(Beginning of Dataset extract)
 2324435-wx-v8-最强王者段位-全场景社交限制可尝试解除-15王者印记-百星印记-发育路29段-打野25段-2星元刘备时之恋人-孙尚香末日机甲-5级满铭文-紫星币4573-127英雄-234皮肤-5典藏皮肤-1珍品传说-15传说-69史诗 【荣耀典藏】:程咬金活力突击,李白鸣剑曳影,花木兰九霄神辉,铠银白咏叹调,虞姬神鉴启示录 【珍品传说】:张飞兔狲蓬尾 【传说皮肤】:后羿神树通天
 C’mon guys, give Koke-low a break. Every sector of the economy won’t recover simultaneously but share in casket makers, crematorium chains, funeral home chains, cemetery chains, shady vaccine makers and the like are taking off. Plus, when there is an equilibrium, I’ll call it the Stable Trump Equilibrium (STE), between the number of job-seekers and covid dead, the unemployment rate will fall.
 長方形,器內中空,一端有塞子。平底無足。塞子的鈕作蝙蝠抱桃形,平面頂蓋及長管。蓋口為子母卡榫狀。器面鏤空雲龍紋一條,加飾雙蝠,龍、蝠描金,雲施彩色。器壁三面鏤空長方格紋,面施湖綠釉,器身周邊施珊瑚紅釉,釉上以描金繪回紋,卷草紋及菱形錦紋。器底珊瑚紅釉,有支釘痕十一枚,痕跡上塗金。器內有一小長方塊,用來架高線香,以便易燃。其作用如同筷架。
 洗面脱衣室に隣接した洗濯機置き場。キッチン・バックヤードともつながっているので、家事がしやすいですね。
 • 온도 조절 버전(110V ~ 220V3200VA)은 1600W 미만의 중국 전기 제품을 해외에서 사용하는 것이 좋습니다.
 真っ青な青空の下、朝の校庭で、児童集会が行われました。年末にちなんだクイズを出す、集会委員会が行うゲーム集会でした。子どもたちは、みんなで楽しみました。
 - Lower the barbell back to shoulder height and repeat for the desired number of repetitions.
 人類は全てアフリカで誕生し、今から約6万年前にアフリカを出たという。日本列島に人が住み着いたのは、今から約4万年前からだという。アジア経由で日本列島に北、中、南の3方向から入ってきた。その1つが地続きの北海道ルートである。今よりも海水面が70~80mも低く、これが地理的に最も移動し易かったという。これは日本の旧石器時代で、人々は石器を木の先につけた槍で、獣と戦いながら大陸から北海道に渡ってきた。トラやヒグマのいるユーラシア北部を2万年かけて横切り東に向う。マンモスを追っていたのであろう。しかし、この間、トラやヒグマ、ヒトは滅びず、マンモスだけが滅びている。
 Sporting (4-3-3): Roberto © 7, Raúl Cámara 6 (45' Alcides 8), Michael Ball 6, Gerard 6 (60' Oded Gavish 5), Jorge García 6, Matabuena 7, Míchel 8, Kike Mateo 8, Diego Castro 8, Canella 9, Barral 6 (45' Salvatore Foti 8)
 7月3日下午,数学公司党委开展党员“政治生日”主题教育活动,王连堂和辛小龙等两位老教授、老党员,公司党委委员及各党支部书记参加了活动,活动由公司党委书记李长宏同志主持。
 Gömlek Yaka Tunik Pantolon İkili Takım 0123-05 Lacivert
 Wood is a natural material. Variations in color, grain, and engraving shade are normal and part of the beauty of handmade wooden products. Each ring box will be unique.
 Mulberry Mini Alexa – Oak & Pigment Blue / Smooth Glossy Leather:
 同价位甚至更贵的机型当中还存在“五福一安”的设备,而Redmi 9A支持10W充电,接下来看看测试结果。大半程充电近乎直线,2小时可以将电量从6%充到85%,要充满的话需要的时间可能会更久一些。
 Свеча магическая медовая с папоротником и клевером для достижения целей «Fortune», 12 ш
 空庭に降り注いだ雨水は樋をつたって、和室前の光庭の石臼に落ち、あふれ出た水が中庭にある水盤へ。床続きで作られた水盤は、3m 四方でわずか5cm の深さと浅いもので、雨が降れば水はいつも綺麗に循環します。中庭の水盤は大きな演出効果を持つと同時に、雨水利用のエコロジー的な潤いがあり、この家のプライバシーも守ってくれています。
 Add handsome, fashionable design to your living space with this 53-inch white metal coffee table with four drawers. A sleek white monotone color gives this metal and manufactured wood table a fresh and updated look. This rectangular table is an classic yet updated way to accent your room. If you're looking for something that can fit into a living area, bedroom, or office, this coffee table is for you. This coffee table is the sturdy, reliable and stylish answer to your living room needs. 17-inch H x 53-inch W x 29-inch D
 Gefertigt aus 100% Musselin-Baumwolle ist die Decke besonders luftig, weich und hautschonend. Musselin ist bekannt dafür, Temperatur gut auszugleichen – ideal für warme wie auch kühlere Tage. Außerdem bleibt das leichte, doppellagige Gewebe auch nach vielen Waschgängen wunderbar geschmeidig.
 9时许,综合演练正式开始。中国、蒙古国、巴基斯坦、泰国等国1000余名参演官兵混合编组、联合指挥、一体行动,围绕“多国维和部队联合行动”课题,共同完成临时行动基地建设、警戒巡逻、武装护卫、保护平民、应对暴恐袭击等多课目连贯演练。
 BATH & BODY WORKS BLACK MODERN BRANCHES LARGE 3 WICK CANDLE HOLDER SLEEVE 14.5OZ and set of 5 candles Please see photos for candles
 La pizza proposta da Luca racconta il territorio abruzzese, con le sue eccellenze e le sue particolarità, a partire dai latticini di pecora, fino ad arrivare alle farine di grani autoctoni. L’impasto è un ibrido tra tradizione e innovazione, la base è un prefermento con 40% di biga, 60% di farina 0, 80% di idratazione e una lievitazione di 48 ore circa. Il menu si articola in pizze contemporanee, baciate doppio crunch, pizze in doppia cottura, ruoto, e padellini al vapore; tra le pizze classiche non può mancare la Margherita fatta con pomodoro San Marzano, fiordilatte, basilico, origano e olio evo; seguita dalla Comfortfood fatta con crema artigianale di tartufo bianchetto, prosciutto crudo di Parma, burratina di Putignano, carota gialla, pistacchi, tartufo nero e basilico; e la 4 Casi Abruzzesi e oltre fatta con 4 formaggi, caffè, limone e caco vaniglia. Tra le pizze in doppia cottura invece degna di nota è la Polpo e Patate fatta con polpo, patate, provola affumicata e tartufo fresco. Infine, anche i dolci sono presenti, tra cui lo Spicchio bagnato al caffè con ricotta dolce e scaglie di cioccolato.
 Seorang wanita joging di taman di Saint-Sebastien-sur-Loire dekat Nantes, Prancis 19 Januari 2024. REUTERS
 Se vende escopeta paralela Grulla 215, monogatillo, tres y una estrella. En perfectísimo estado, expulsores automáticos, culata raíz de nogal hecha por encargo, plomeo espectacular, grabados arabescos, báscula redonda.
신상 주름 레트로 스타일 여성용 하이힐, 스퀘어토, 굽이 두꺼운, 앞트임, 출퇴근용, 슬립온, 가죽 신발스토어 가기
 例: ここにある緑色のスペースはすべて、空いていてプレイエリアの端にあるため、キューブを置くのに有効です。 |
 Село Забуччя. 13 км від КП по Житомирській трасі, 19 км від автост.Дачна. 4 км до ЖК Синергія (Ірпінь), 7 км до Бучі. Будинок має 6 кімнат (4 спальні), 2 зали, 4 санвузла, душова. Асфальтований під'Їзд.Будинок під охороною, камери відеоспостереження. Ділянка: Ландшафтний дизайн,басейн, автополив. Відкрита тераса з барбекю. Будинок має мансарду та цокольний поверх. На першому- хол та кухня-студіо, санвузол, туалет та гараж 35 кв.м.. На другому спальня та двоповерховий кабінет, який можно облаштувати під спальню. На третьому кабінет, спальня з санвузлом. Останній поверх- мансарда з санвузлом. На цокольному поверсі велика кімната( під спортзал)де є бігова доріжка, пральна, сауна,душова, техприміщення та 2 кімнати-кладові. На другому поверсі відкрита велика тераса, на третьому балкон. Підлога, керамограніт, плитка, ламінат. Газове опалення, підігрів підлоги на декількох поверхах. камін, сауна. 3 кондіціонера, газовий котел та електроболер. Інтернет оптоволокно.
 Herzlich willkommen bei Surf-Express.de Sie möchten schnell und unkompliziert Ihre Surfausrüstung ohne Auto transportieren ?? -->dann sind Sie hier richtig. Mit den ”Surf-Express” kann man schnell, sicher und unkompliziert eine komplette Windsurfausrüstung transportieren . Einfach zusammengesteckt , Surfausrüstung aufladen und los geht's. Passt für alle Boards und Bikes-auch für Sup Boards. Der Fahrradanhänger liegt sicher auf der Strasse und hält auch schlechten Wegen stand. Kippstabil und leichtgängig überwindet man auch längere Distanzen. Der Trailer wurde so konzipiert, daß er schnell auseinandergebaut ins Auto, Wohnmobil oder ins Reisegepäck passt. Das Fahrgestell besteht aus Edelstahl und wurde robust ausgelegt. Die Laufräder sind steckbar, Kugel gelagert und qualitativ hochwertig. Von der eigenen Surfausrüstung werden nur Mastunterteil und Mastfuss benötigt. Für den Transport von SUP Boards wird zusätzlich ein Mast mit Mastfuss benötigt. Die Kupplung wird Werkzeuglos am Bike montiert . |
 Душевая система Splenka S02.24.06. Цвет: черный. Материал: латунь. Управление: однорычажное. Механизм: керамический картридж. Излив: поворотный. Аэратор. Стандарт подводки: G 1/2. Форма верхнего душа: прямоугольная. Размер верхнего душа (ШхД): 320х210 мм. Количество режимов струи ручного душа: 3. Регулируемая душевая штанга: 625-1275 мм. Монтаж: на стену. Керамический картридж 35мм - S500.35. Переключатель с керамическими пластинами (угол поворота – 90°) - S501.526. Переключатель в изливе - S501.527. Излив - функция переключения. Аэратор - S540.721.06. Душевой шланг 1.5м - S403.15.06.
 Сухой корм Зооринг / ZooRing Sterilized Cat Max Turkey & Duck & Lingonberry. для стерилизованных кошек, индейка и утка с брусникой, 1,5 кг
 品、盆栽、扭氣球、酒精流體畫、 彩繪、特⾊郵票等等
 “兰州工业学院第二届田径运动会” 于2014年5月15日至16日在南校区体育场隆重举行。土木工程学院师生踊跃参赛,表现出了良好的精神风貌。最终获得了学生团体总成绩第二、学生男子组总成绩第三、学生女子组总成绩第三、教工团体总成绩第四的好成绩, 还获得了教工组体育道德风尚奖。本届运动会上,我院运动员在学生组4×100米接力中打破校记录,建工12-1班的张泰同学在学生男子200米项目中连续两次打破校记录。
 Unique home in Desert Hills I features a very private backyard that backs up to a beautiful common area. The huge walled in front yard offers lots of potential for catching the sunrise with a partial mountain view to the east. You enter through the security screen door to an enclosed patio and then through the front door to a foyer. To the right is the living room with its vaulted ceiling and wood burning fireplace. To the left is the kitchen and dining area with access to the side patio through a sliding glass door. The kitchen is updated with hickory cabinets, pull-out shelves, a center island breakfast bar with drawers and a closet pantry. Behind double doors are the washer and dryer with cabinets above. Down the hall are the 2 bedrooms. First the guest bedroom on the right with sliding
(End of Dataset extract)
In the entries above, find the line holding "Sporting (4-3-3): Roberto" and the line holding "Mulberry Mini Alexa"; print both of them and every line between, exactly, and nothing else.

 Sporting (4-3-3): Roberto © 7, Raúl Cámara 6 (45' Alcides 8), Michael Ball 6, Gerard 6 (60' Oded Gavish 5), Jorge García 6, Matabuena 7, Míchel 8, Kike Mateo 8, Diego Castro 8, Canella 9, Barral 6 (45' Salvatore Foti 8)
 7月3日下午,数学公司党委开展党员“政治生日”主题教育活动,王连堂和辛小龙等两位老教授、老党员,公司党委委员及各党支部书记参加了活动,活动由公司党委书记李长宏同志主持。
 Gömlek Yaka Tunik Pantolon İkili Takım 0123-05 Lacivert
 Wood is a natural material. Variations in color, grain, and engraving shade are normal and part of the beauty of handmade wooden products. Each ring box will be unique.
 Mulberry Mini Alexa – Oak & Pigment Blue / Smooth Glossy Leather:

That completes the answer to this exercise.